%%

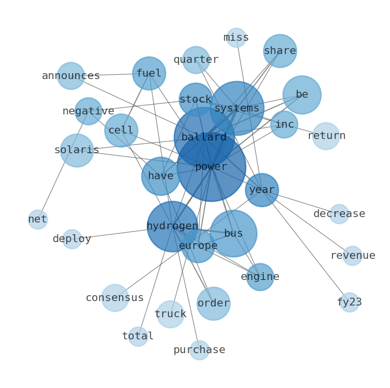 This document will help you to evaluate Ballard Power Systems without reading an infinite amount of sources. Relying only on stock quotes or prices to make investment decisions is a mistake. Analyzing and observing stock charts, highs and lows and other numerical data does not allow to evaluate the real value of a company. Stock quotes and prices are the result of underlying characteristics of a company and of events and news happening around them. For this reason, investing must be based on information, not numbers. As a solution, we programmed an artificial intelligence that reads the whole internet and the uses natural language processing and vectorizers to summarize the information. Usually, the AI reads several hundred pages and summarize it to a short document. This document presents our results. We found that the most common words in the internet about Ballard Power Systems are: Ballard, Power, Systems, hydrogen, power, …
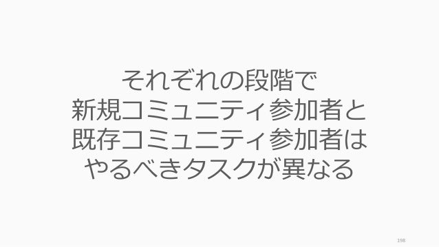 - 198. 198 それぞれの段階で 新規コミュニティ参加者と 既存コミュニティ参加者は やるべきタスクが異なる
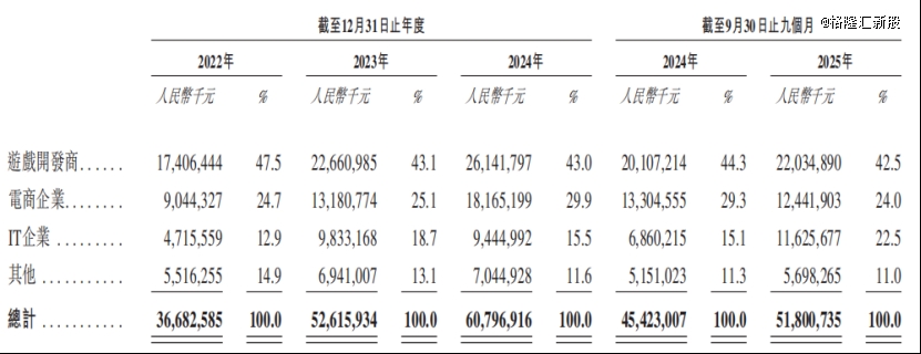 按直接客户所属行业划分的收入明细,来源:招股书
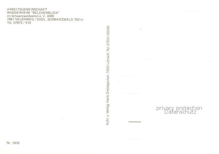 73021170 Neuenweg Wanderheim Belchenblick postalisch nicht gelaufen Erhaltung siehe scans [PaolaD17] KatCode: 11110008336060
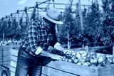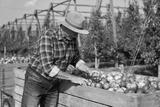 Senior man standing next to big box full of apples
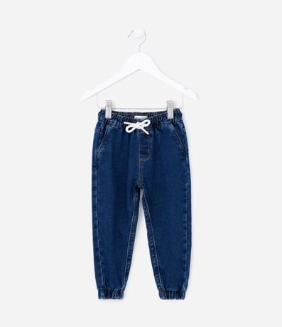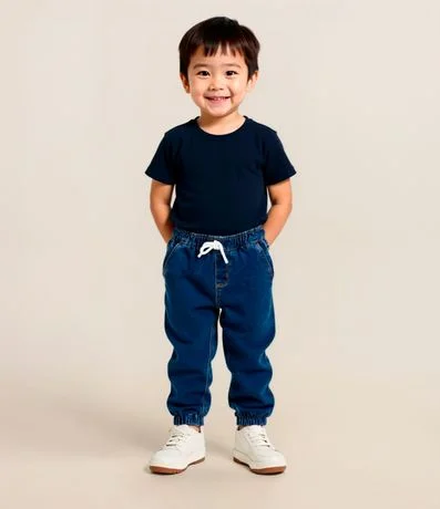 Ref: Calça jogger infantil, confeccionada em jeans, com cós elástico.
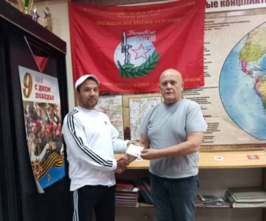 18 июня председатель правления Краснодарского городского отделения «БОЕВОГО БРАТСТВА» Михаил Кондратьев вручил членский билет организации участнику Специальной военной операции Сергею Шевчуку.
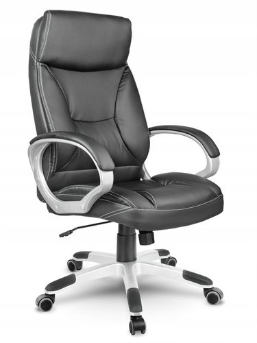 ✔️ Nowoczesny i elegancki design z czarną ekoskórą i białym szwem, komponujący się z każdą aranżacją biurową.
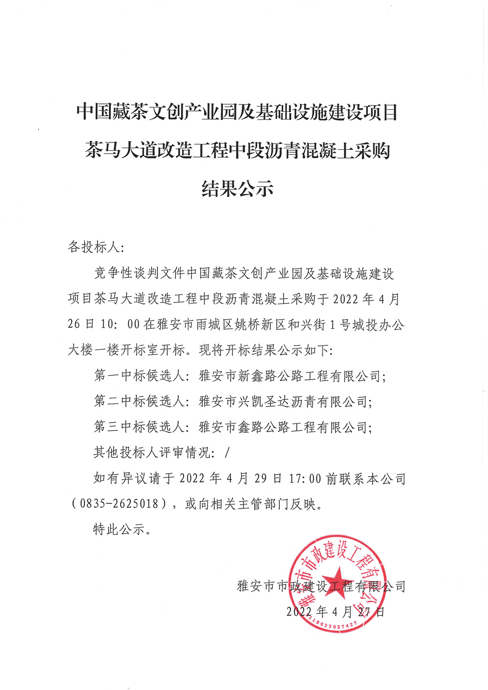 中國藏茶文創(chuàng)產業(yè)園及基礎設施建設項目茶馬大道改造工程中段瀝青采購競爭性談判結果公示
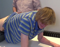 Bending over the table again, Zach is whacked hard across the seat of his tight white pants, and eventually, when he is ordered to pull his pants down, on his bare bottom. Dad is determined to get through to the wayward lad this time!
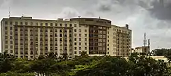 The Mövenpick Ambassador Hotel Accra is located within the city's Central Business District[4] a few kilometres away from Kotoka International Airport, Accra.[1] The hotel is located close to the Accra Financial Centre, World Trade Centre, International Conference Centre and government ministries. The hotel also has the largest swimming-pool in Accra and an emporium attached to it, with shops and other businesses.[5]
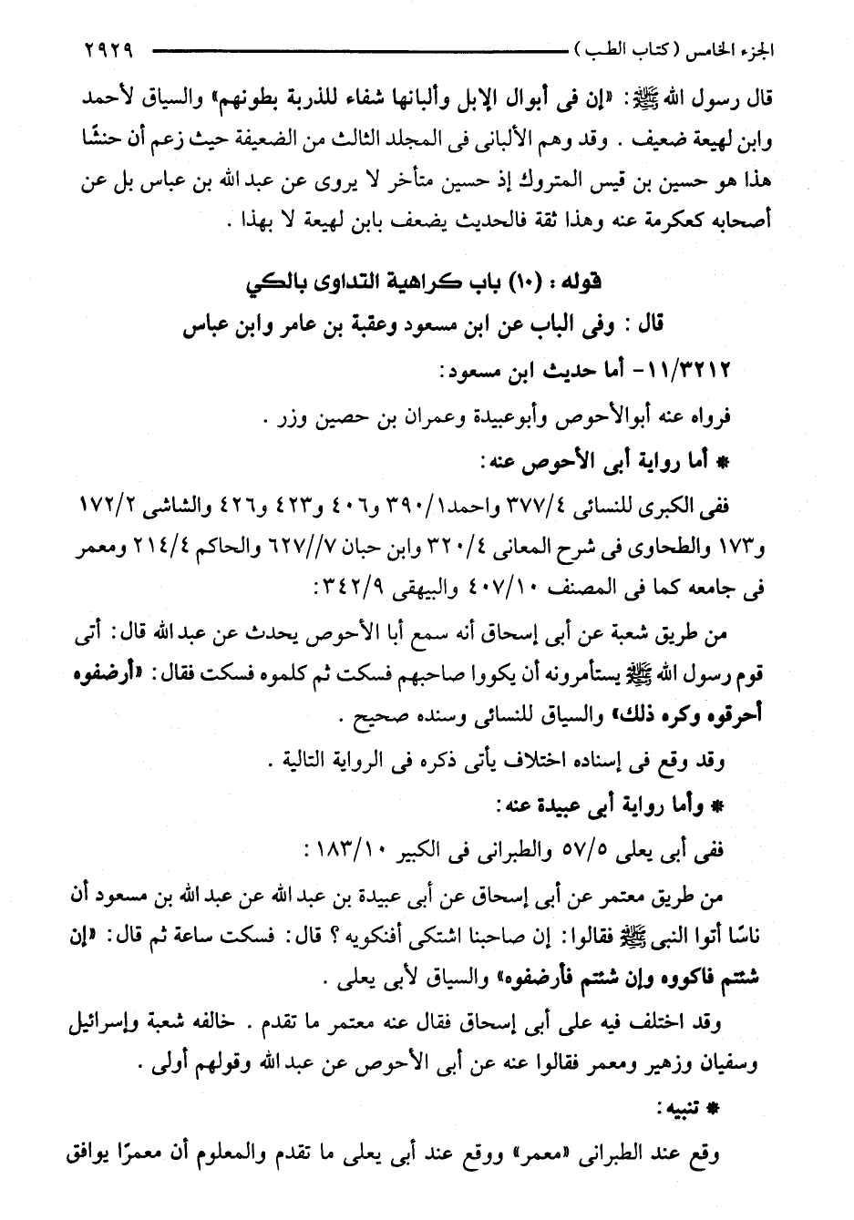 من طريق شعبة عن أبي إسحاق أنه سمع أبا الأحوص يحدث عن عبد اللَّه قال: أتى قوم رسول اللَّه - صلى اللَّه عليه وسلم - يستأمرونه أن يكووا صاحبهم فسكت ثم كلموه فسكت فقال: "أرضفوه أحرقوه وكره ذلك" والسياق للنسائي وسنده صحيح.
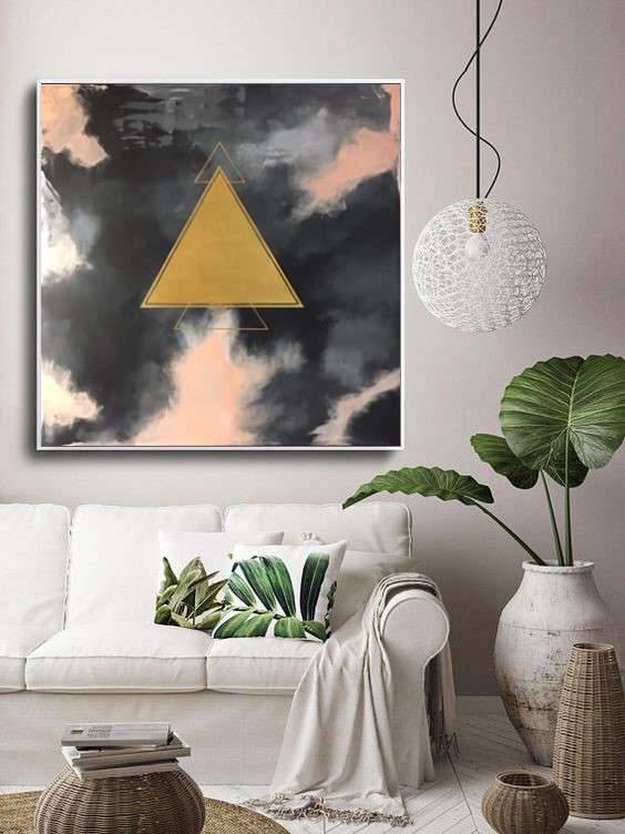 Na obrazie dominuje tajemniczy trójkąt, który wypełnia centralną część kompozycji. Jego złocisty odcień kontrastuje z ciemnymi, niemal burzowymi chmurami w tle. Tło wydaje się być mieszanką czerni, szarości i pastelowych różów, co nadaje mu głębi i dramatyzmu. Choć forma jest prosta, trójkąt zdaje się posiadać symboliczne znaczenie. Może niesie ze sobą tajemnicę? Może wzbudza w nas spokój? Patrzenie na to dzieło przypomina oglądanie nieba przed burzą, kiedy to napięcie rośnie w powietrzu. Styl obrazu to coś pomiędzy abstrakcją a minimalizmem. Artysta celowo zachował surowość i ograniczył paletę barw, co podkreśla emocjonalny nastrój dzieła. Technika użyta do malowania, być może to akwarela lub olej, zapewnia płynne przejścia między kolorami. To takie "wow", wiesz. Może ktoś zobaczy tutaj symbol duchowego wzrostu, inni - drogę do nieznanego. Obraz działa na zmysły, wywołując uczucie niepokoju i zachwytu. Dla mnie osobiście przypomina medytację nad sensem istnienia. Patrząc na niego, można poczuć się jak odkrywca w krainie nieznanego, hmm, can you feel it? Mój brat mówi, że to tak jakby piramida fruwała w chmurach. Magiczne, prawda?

%%

* Exercise: Pictures aside, print exactly the lines above starting with the one containing "The Mövenpick Ambassador" and going on through the one containing "من طريق شعبة".

* Exercise output:
 The Mövenpick Ambassador Hotel Accra is located within the city's Central Business District[4] a few kilometres away from Kotoka International Airport, Accra.[1] The hotel is located close to the Accra Financial Centre, World Trade Centre, International Conference Centre and government ministries. The hotel also has the largest swimming-pool in Accra and an emporium attached to it, with shops and other businesses.[5]
 من طريق شعبة عن أبي إسحاق أنه سمع أبا الأحوص يحدث عن عبد اللَّه قال: أتى قوم رسول اللَّه - صلى اللَّه عليه وسلم - يستأمرونه أن يكووا صاحبهم فسكت ثم كلموه فسكت فقال: "أرضفوه أحرقوه وكره ذلك" والسياق للنسائي وسنده صحيح.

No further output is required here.